I've highlighted so many times the blatant flaws that run through this shiny, glossy iteration that seems fit only for magpies attracted to its cathedral-like sets and glowing special effects. People that can ignore its two-dimensional characterisations and portentous, self-important dialogue and directorial choices that look like they come from 'The Lord of The Rings' rather than serious sci-fi. People who can ignore its confused morality and its bizarre need to distance itself from its own genetic heritage by bringing in technology far too early for the era it's supposed to represent in the history of the future. And it's not getting any easier to justify the series' existence, no amount of Captain Pike sternly reminding characters of his strict adherence to Starfleet regulations, able to do that.

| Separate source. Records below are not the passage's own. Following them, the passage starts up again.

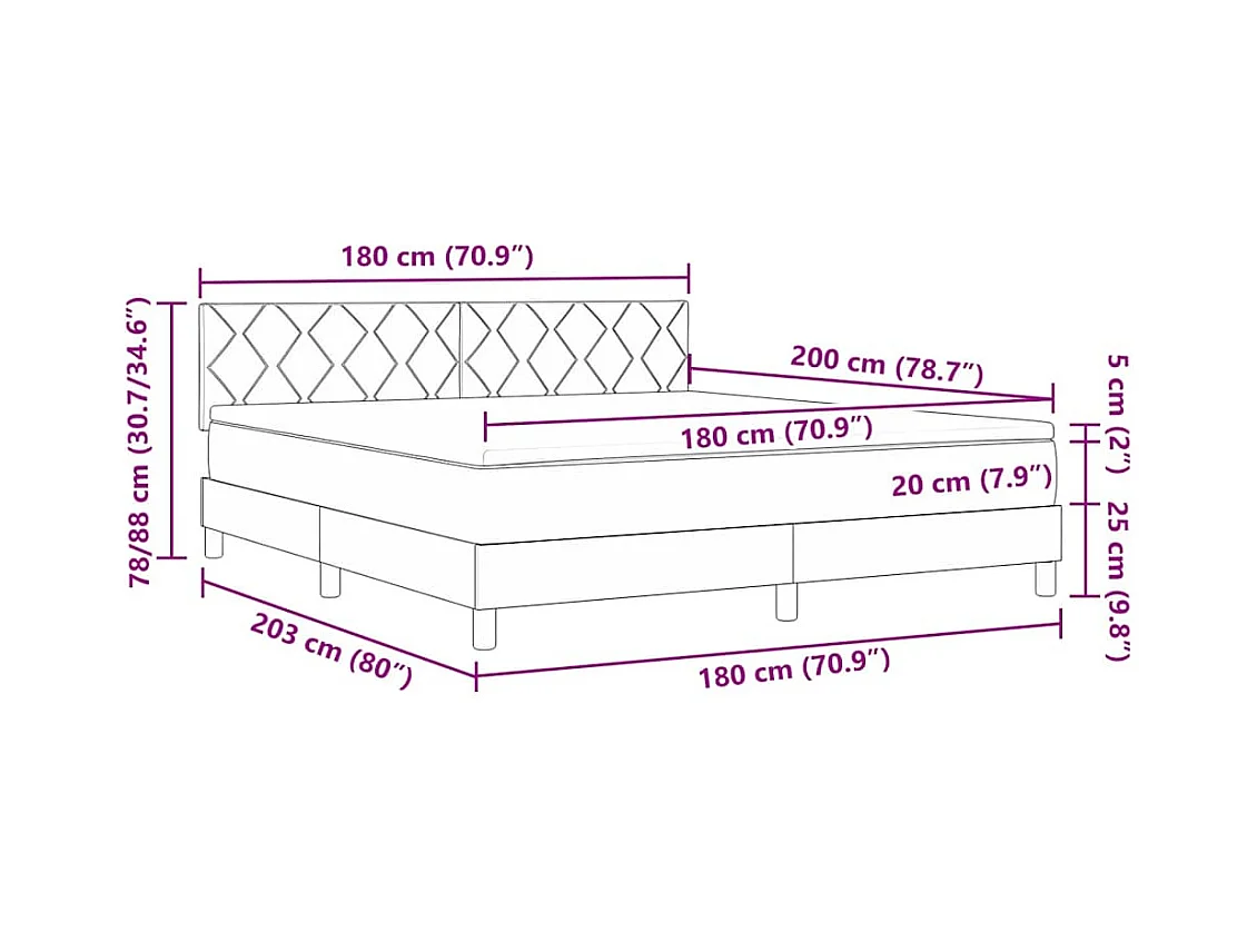 Lit à ressorts avec matelas Gris clair 180 x 200 cm tissu
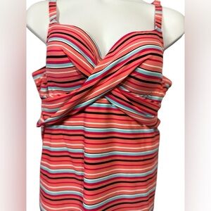 Step into summer with this vibrant plus size tankini featuring a flattering sweetheart neckline. The lively striped pattern in shades of orange, red, turquoise, and black adds a dynamic touch to your beachwear collection. Designed for both style and comfort, this tankini provides ample coverage while enhancing your natural curves. Adjustable straps ensure a perfect fit, making it a must-have for your next beach outing. Excellent condition π / π / Sea by Penningtons
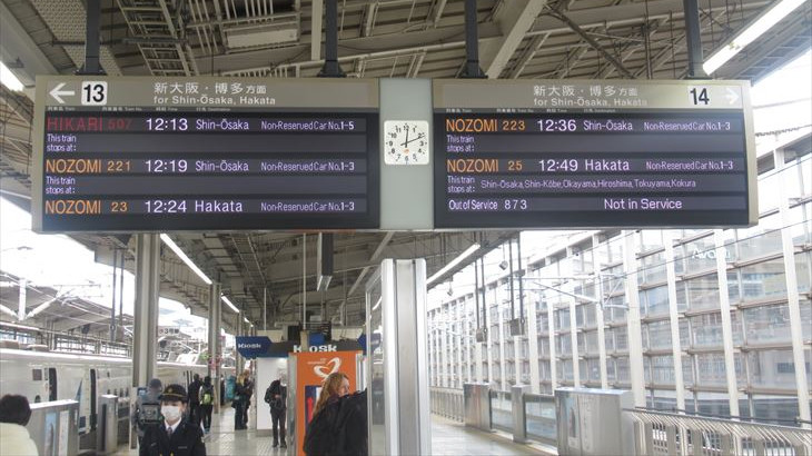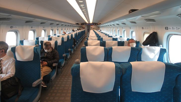 レール&レンタカーは新幹線「のぞみ」には乗れないので9:50の「ひかり」自由席に乗り込みました。乗客は1両に10名程度とガラガラです。
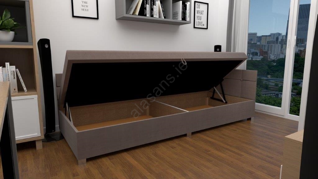 • AMSTERDAM Upholstered daybed with reversible headboard and storage, 90x200 cm, beige
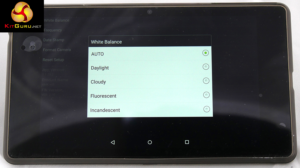 The photos and video should make it clear that you will spend very little time messing around with settings in the Amkov. You are obliged to install an app called AMK-icam on your phone or tablet in order that you can connect using the Wi-Fi on the cam. This is a quick process so you can verify settings as there are not too many things you might consider changing.
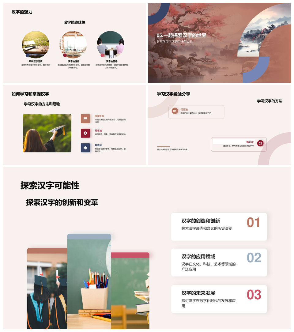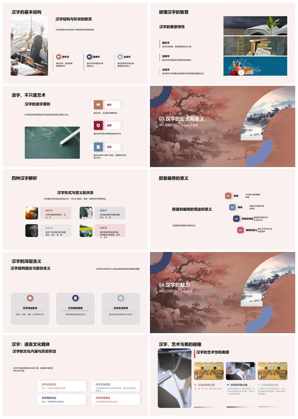 风云办公提供的汉字艺术性起源历史演变结构表意造字PPT模板,下载格式为pptx,一共23页,作品中文字及图均可以修改和编辑,图片更改请在作品中右键图片并更换,文字修改请直接点击文字进行修改。
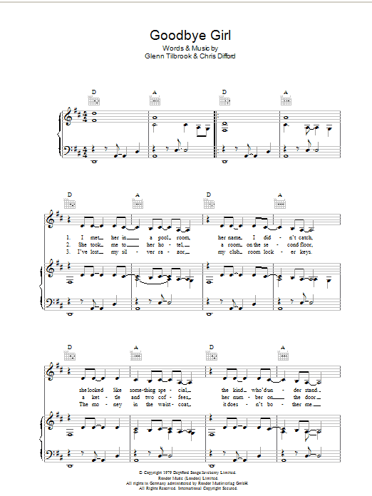 Download or print Squeeze Goodbye Girl sheet music, chords and digital score arranged for Piano, Vocal & Guitar Chords. This Pop score includes 4 page(s).
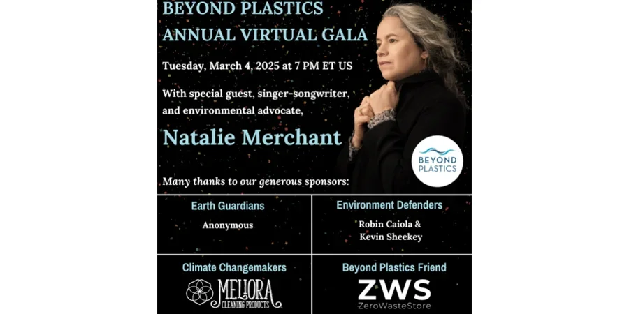 OPEN TO THE PUBLIC | Please join Beyond Plastics on Tuesday, March 4, 2025 for an inspiring virtual fundraising gala to support our work to end plastic pollution with special guest, the amazing singer-songwriter, and environmental advocate, Natalie Merchant!
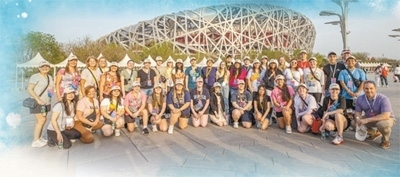 在北京國家體育場外,馬斯卡廷中學師生合影留念。

Take this episode, a mostly expository one with some new information that is not uninteresting, but still rife with the ground-level problems of this cracked and broken series: it begins with a sad farewell to Airiam's corpse, a kind of funeral service in which they show the traditional Trek manner of disposing of a body by launching it out into space within a torpedo casing, which itself was an updating of the traditional maritime method of disposing of a body by casting it into the sea. The character is eulogised and everyone's very emotional, but it means so little because we had so little to do with her! Tilly says she was her friend, so it's a shame we never (apart from in the previous episode), saw that. We were never allowed to develop a bond with this character, just as we haven't with many of them.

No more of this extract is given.